How to read an ORC File using Spark Core APIs

Hello Everyone,

Is anyone tried to access ORC files by using the Spark Core API’s. I do see that using Spark SQL it can be done. But I am giving a try to access by using the Spark Core API’s. If anyone tried please do let me know.

@email2dgk One using Dataframe

sc.parallelize(records).toDF().write.format(“orc”).save(“people”)

@Rahul Thanks for sharing. I am not interested to do that using Spark SQL (Data Frame).

I could not find any other approach.

I also tried but could not find any direct solution for read ORC using rdd.

And my finding below.
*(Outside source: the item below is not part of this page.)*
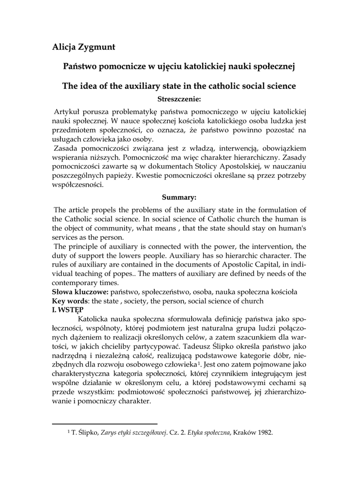 Alicja Zygmunt Państwo pomocnicze w ujęciu katolickiej nauki społecznej The idea of the auxiliary state in the catholic social science Streszczenie: Artykuł porusza problematykę państwa pomocniczego w ujęciu katolickiej nauki społecznej. W nauce społecznej kościoła katolickiego osoba ludzka jest przedmiotem społeczności, co oznacza, że państwo powinno pozostać na usługach człowieka jako osoby. Zasada pomocniczości związana jest z władzą, interwencją, obowiązkiem wspierania niższych. Pomocniczość ma więc charakter hierarchiczny. Zasady pomocniczości zawarte są w dokumentach Stolicy Apostolskiej, w nauczaniu poszczególnych papieży. Kwestie pomocniczości określane są przez potrzeby współczesności. Summary: The article propels the problems of the auxiliary state in the formulation of the Catholic social science. In social science of Catholic church the human is the object of community, what means , that the state should stay on human's services as the person. The principle of auxiliary is connected with the power, the intervention, the duty of support the lowers people. Auxiliary has so hierarchic character. The rules of auxiliary are contained in the documents of Apostolic Capital, in individual teaching of popes.. The matters of auxiliary are defined by needs of the contemporary times. Słowa kluczowe: państwo, społeczeństwo, osoba, nauka społeczna kościoła Key words: the state , society, the person, social science of church I. WSTĘP Katolicka nauka społeczna sformułowała definicję państwa jako społeczności, wspólnoty, której podmiotem jest naturalna grupa ludzi połączonych dążeniem to realizacji określonych celów, a zatem szacunkiem dla wartości, w jakich chcieliby partycypować. Tadeusz Ślipko określa państwo jako nadrzędną i niezależną całość, realizującą podstawowe kategorie dóbr, niezbędnych dla rozwoju osobowego człowieka 1. Jest ono zatem pojmowane jako charakterystyczna kategoria społeczności, której czynnikiem integrującym jest wspólne działanie w określonym celu, a której podstawowymi cechami są przede wszystkim: podmiotowość społeczności państwowej, jej zhierarchizowanie i pomocniczy charakter. 1 T. Ślipko, Zarys etyki szczegółowej. Cz. 2. Etyka społeczna, Kraków 1982. __________________________Alicja Zygmunt____________________________ Podmiotowość państwa sprowadza się do zdolności jego niezależnego istnienia i działania, ale także autonomii we wszystkich dziedzinach życia. Ponieważ społeczność państwowa stanowi konstrukcję składającą się z niejednolitych mniejszych, zróżnicowanych między sobą społeczności, dlatego rzeczą oczywistą jest to, że musi ona dysponować odpowiednimi organami kierowniczymi, którym owa liczność członków jest przyporządkowana. Państwo jest wobec tego nie tylko wspólnotą złożoną z wielu podmiotów, ale również wspólnotą o charakterze hierarchicznym 2. Bardzo istotną właściwością społeczności państwowej jest jej aspekt pomocniczy, wskazujący na fundamentalne z punktu widzenia katolickiej nauki społecznej twierdzenie, że osoba ludzka jest podmiotem tej społeczności, co oznacza, że państwo w swym działaniu powinno pozostać na usługach człowieka jako osoby 3. Mądre i holistyczne korzystanie z zasady pomocniczości ma bez wątpienia wymiar polityczny, gdyż jest powiązane z władzą. Pomocniczość oznacza bowiem dyslokację władzy. Tłumaczy to wielorakie opory w jej stosowaniu, niezależnie od składanych deklaracji. Tłumaczy także możliwość instrumentalnego politycznego jej wykorzystania, kiedy między innymi stosuje się tę zasadę po to, ażeby odebrać władzę przeciwnikom, a dać swoim i kiedy chce się ją stosować dla uzyskania władzy, a nie aby reagować lepiej na potrzeby społeczne 4. Zasada pomocniczości dyktuje obowiązek pomagania jednostkom niższym przez wyższe, tak aby mogły one realizować swoje zadania – gminy powinny tak realizować politykę, aby jak największa ilość zadań była realizowana przez podmioty mniejsze (wspólnoty lokalne i środowiskowe, a w tym i lokalne organizacje pozarządowe). Państwo powinno zatem jak najwięcej spraw przekazywać do prowadzenia samorządom terytorialnym. Państwo według nowoczesnej koncepcji pomocniczości może interweniować na dwa sposoby – nieść pomoc albo w postaci środków, albo w formie rezultatów. Preferowana jest w tym przypadku możliwość pierwsza, gdyż państwo oferuje wówczas warunki społecznego działania, podczas gdy w drugim wypadku jedynie dobra materialne. Najważniejsze jest, aby realizować własne możliwości, wykorzystywać swój potencjał oraz rozwijać własną energię. W 2 s. 341. A. Zwoliński (red.), Encyklopedia nauczania społecznego Jana Pawła II, Radom 2003, Ibidem. S. Fontana, Zasada pomocniczości i obecność katolików w życiu publicznym, „Społeczeństwo” 2002, nr 3-4, s.359. 3 4 358 ________Państwo pomocnicze w ujęciu katolickiej nauki społecznej_________ ten też sposób dochodzimy do pojęcia wolności, czyli możliwości „spełniania się o własnych siłach” 5. Zasada pomocniczości przynosi wizję społeczeństwa żywego, gdzie w sposób swobodny powstaje wiele grup, podejmujących różne inicjatywy i mogących pośredniczyć między jednostką a państwem. By jednak znalazła ona odpowiednie odzwierciedlenie w praktyce, powinny być spełnione następujące warunki: zaufanie do zdolności społecznych podmiotów i ich troski o interes ogółu; przyjęcie założenia, że władzy z samej jej natury nie przysługuje absolutna kompetencja w sprawach określenia i realizacji interesu ogółu; co najważniejsze: po stronie podmiotów społecznych ma istnieć wola autonomii i inicjatywa, „co zakłada, że nie zostały złamane przez państwo totalitarne ani doprowadzone do zdziecinnienia przez państwo paternalistyczne” 6. Interwencja państwa jest zasadna

I didn’t test, if you get time check below thing is working.

Spark context providing option to read file using hadoopfs. like bleow

sparkContext. hadoopFile(String path, Class<? extends org.apache.hadoop.mapred.InputFormat<K,V>> inputFormatClass, Class keyClass, Class valueClass, int minPartitions)

You can specify
org.apache.orc.mapreduce.OrcInputFormat

https://spark.apache.org/docs/1.4.0/api/java/org/apache/spark/SparkContext.html#hadoopFile(java.lang.String,%20java.lang.Class,%20java.lang.Class,%20java.lang.Class,%20int)

https://orc.apache.org/api/orc-mapreduce/index.html?org/apache/orc/mapreduce/OrcInputFormat.html

Thnaks
Suresh Selvaraj